Question

Determine the celsius temperature of 2.49 mol of a gas contained in a 1.00 L vessel at a pressure of 143 kPa

Answer 1

Answer: the temperature of the gas under the conditions given is -266°C

Step-by-step explanation:

The question requires us to determine the temperature of a gas, in Celsius degrees, knowing that there are 2.49 moles of the gas contained in a 1.00 L vessel at a pressure of 143 kPa.

To solve this problem, we can apply a rearranged equation of ideal gases, as shown below:

`P* V=n* R* T\rightarrow T=(P* V)/(n* R)`

where P is the pressure of the gas, V is the volume of the gas, n is the number of moles and R is the constant of gases.

Since the question did not provide a value for R, we'll apply 8.314 kPa.L/K.mol. Note that the temperature will be obtained in Kelvin, and we'll need to convert it to Celsius degrees.

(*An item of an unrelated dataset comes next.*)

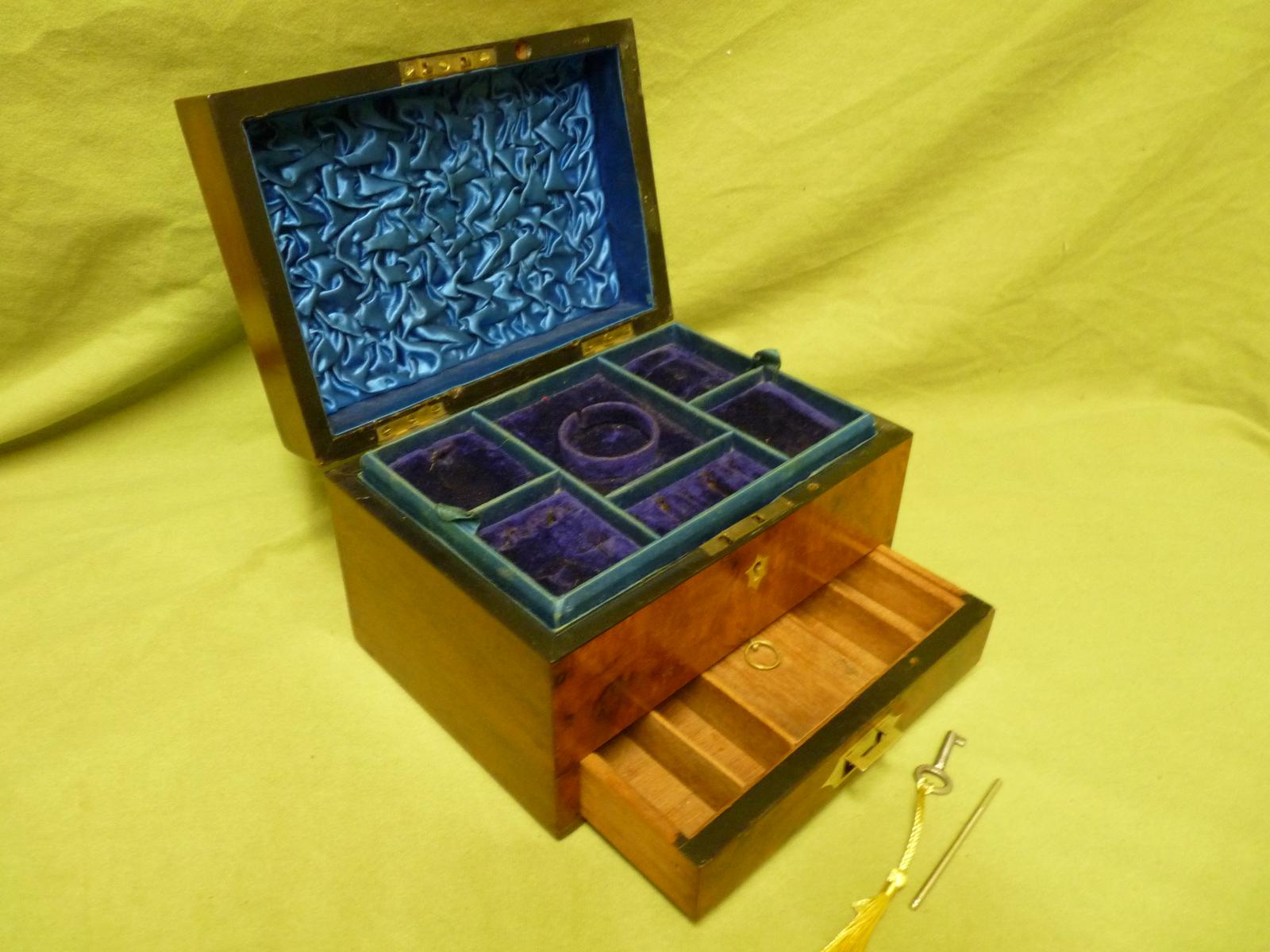Inlaid Unisex Walnut Jewellery Box - Tray + Front Drawer c.1870

Applying the values provided by the question, we'll have:

`\begin{gathered} \begin{equation*} T=(P* V)/(n* R) \end{equation*} \\ T=((143kPa)*(1.00L))/((2.49mol)*(8.314kPa.L.K^(-1).mol^(-1)))=6.91K \end{gathered}`

Therefore, the temperature of the gas is 6.91K.

We can convert this temperature to °C as it follows:

`\begin{gathered} K=°C+273.15\rightarrow°C=K-273.15 \\ T(°C)=6.91-273.15=-266°C \end{gathered}`

Therefore, the temperature of the gas under the conditions given is -266°C.